-- ACTION ITEM --
Could you restate every entry word for word, minus the pictures?

___

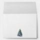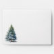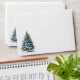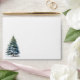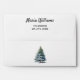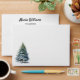 White background. Personalize and add a name and your return address. The name is written with a modern and trendy handlettered style script. Decorated with a watercolored pine tree with snow.
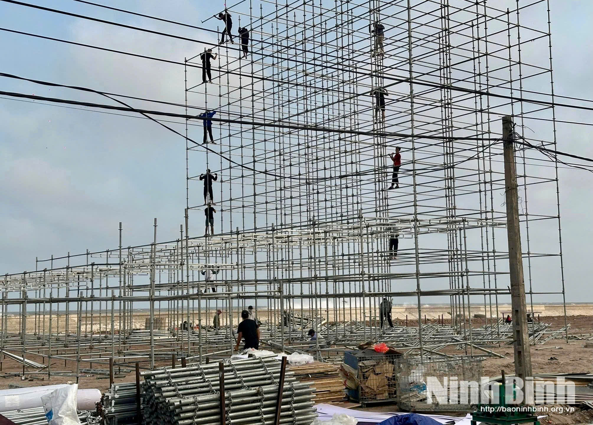 Sân khấu Lễ khai mạc Mùa du lịch biển năm 2026 tại Khu du lịch biển Thịnh Long đang được gấp rút lắp đặt. Ảnh: Trần Sắc
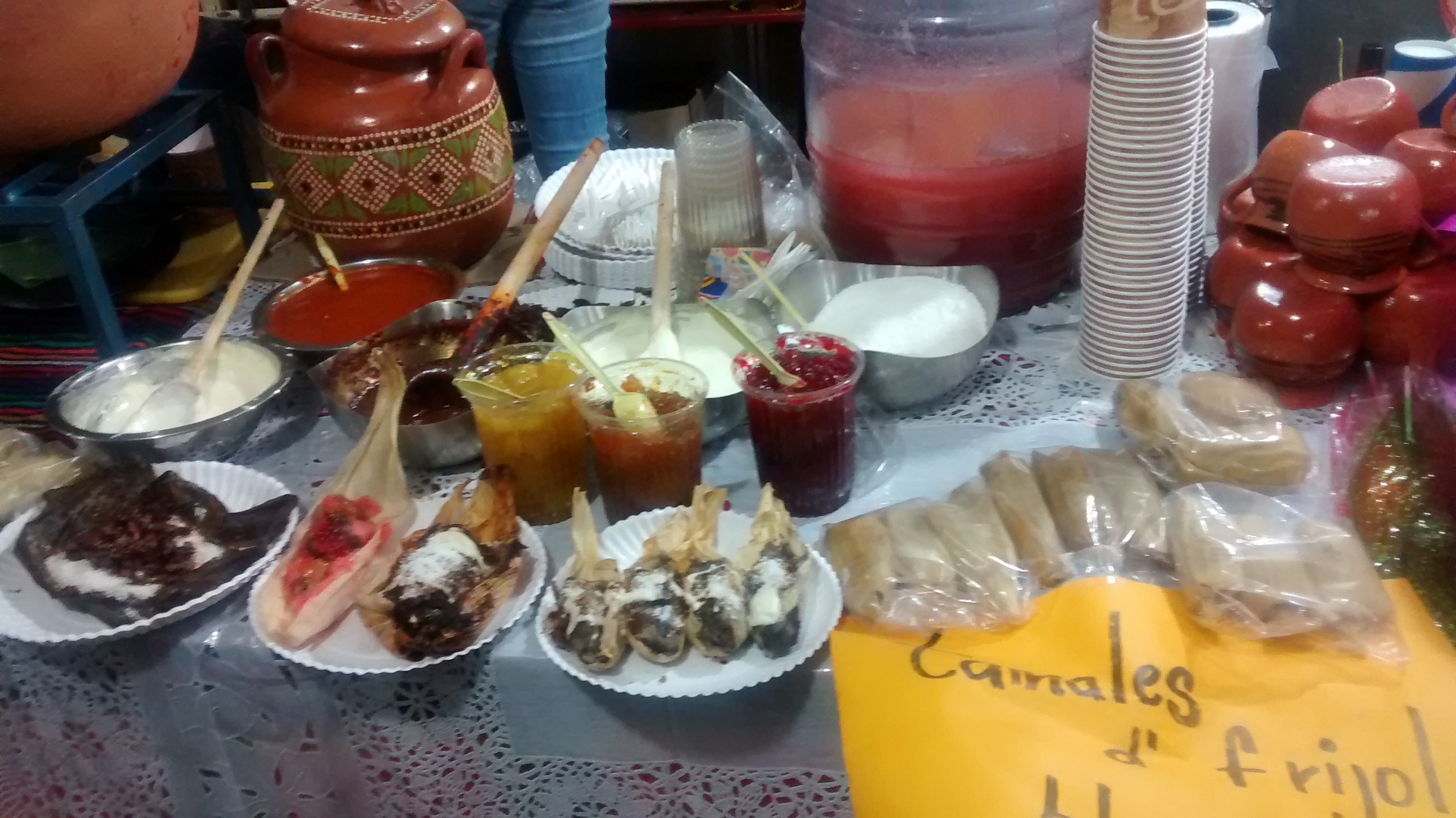 Hay más de cien puestos de tamales de diferentes tamaños y sabores. Los hay salados y también dulces. Hay también diferentes bebidas para acompañarlos: chocolate caliente, café de olla, agua prehispánica (agua de chocolate) y atoles de diversos sabores desde el típico champurrado hasta el de novia y de monja
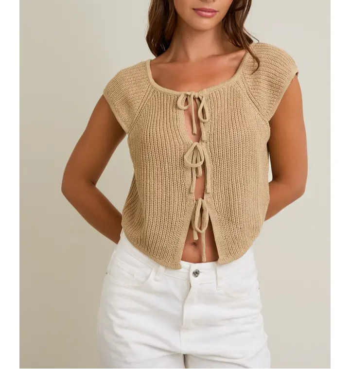 Elevate your wardrobe with the Jenna Top, a sleeveless sweater cardigan designed for effortless style and comfort. Featuring a chic front tie detail, this versatile piece adds a flattering touch to any outfit. Perfect for layering or wearing on its own, it combines cozy knit fabric with a modern silhouette to keep you looking polished all day long. Make the Jenna Top your go-to choice for a sophisticated yet relaxed look.
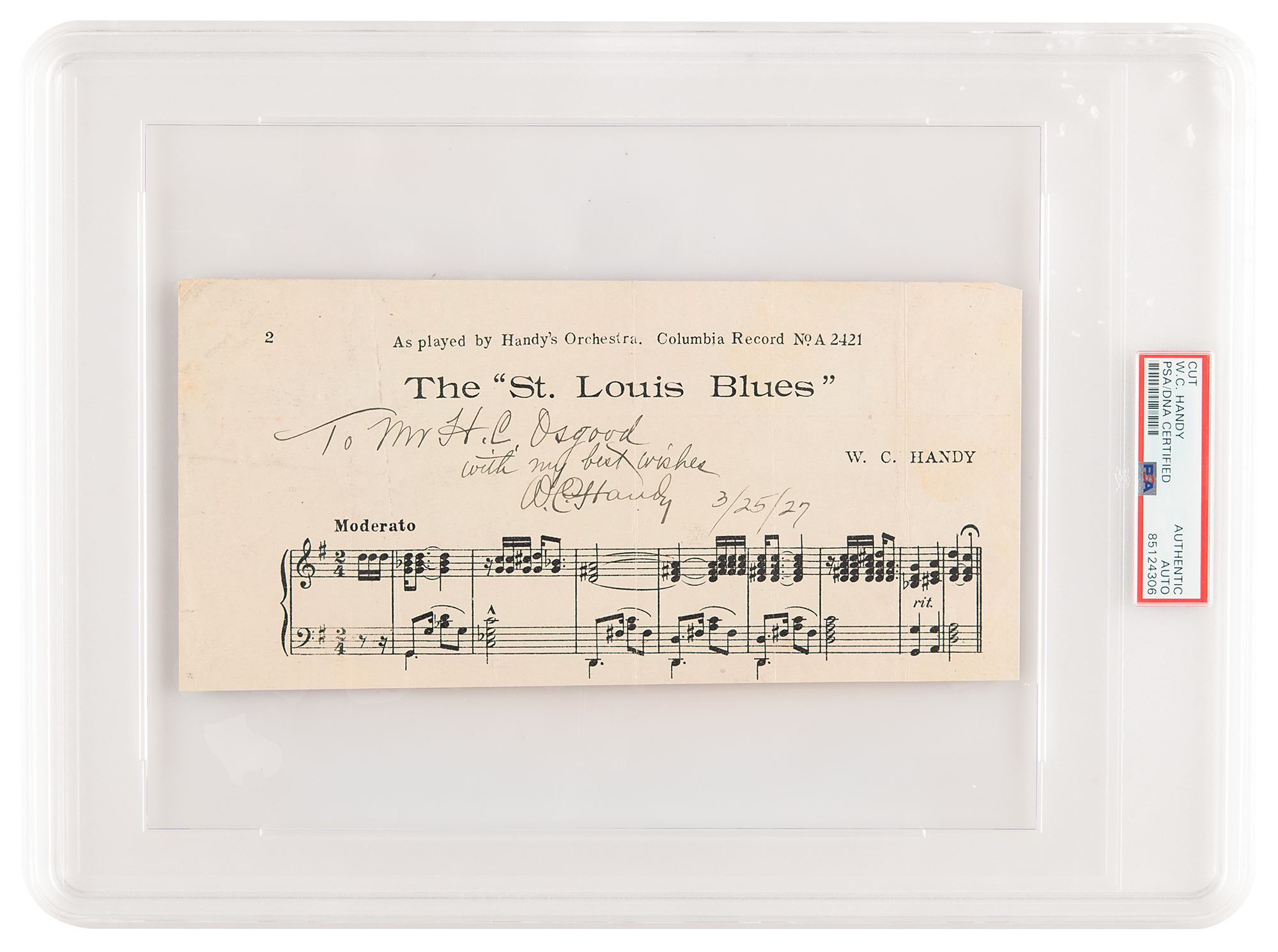 African-American musician and composer (1873–1958) who is known as the ‘Father of the Blues,’ and is remembered for songs like ‘Memphis Blues’ and ‘St. Louis Blues.’ Partial page from a vintage sheet music booklet for W. C. Handy's ‘The ‘St. Louis Blues,’’ 9 x 4.25, signed and inscribed in fountain pen, “To Mr. H. C. Osgood, with my best wishes, W. C. Handy, 3/25/27.” In very good to fine condition, with light creasing and several vertical folds. Encapsulated in a PSA/DNA authentication holder.
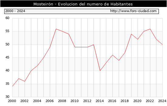 el numero de habitantes en Mosteirón era de 50, 2 habitantes menos que el en el año 2023. En el grafico siguiente se puede ver cuantos habitantes tiene Mosteirón a lo largo de los años.
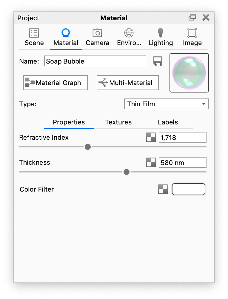 The Thin Film material type produces an iridescent effect similar to a soap bubble.
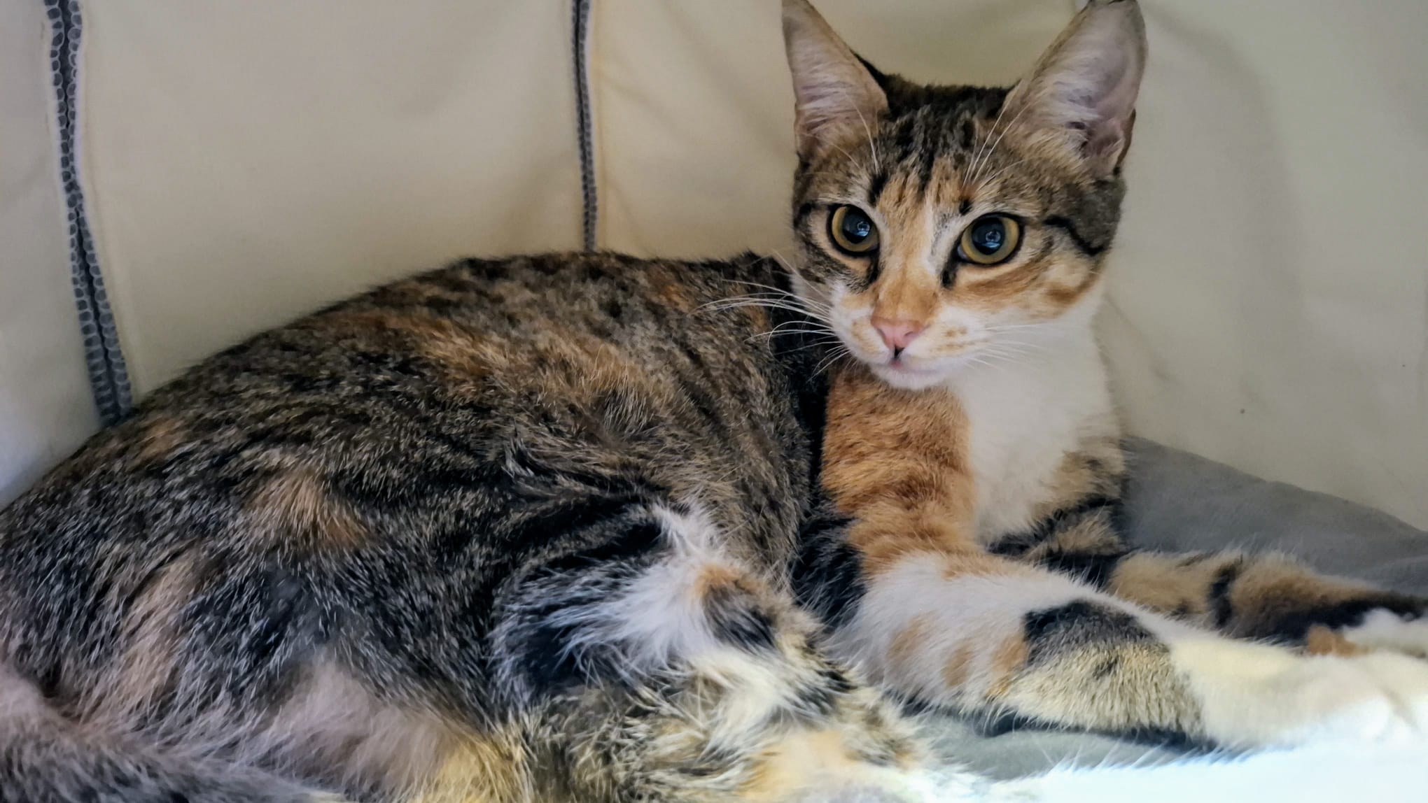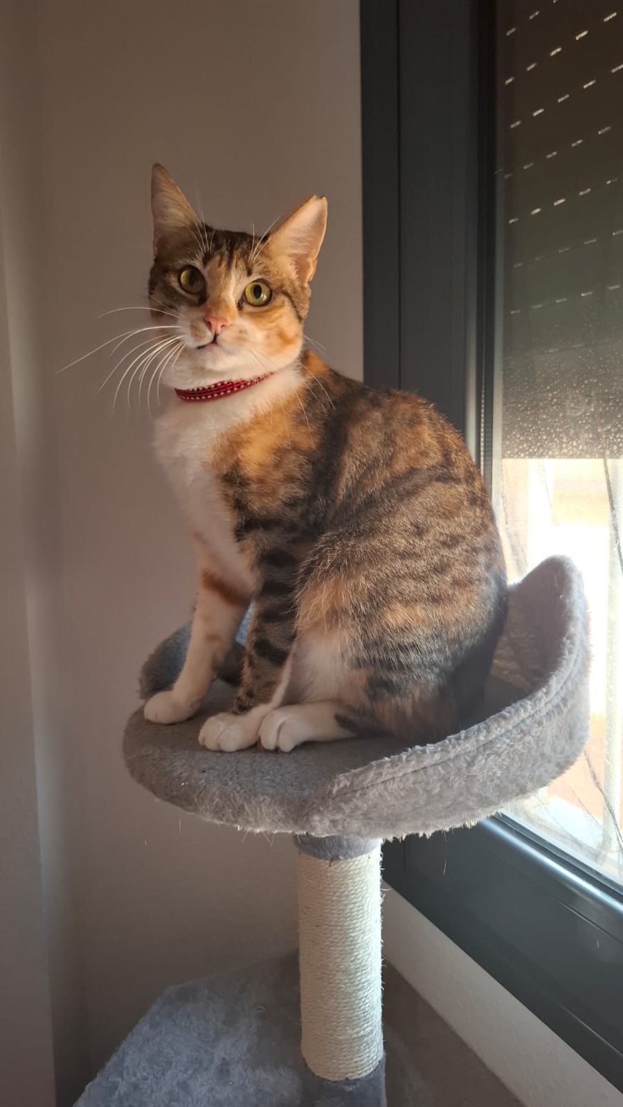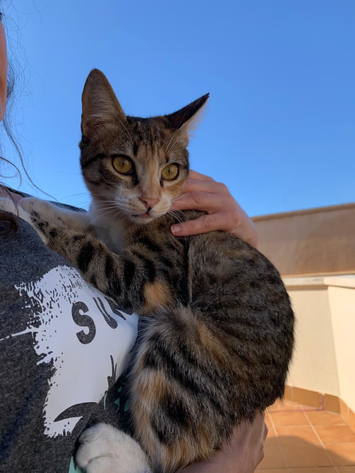 Minerva es una preciosa gatita tricolor de aproximadamente un año. Es de tamaño pequeño (apenas pesa cuatro kilos). Es extremadamente cariñosa y mimosa, muy juguetona y activa, le encanta saltar por los muebles, esconderse en cualquier hueco y explorar. No es nada tímida ni miedosa y se acerca a las personas a buscar mimos aun sin conocerlas. Convive muy bien con un perrito pequeño y tranquilo y es buenísima con niños, con gatos habría que hacer una introducción y presentación correspondiente. Está testada y esterilizada y en breve también vacunada. Para su adopción es IMPRESCINDIBLE tener protecciones en ventanas y terraza

___

-- ANSWER --
 White background. Personalize and add a name and your return address. The name is written with a modern and trendy handlettered style script. Decorated with a watercolored pine tree with snow.
 Sân khấu Lễ khai mạc Mùa du lịch biển năm 2026 tại Khu du lịch biển Thịnh Long đang được gấp rút lắp đặt. Ảnh: Trần Sắc
 Hay más de cien puestos de tamales de diferentes tamaños y sabores. Los hay salados y también dulces. Hay también diferentes bebidas para acompañarlos: chocolate caliente, café de olla, agua prehispánica (agua de chocolate) y atoles de diversos sabores desde el típico champurrado hasta el de novia y de monja
 Elevate your wardrobe with the Jenna Top, a sleeveless sweater cardigan designed for effortless style and comfort. Featuring a chic front tie detail, this versatile piece adds a flattering touch to any outfit. Perfect for layering or wearing on its own, it combines cozy knit fabric with a modern silhouette to keep you looking polished all day long. Make the Jenna Top your go-to choice for a sophisticated yet relaxed look.
 African-American musician and composer (1873–1958) who is known as the ‘Father of the Blues,’ and is remembered for songs like ‘Memphis Blues’ and ‘St. Louis Blues.’ Partial page from a vintage sheet music booklet for W. C. Handy's ‘The ‘St. Louis Blues,’’ 9 x 4.25, signed and inscribed in fountain pen, “To Mr. H. C. Osgood, with my best wishes, W. C. Handy, 3/25/27.” In very good to fine condition, with light creasing and several vertical folds. Encapsulated in a PSA/DNA authentication holder.
 el numero de habitantes en Mosteirón era de 50, 2 habitantes menos que el en el año 2023. En el grafico siguiente se puede ver cuantos habitantes tiene Mosteirón a lo largo de los años.
 The Thin Film material type produces an iridescent effect similar to a soap bubble.
 Minerva es una preciosa gatita tricolor de aproximadamente un año. Es de tamaño pequeño (apenas pesa cuatro kilos). Es extremadamente cariñosa y mimosa, muy juguetona y activa, le encanta saltar por los muebles, esconderse en cualquier hueco y explorar. No es nada tímida ni miedosa y se acerca a las personas a buscar mimos aun sin conocerlas. Convive muy bien con un perrito pequeño y tranquilo y es buenísima con niños, con gatos habría que hacer una introducción y presentación correspondiente. Está testada y esterilizada y en breve también vacunada. Para su adopción es IMPRESCINDIBLE tener protecciones en ventanas y terraza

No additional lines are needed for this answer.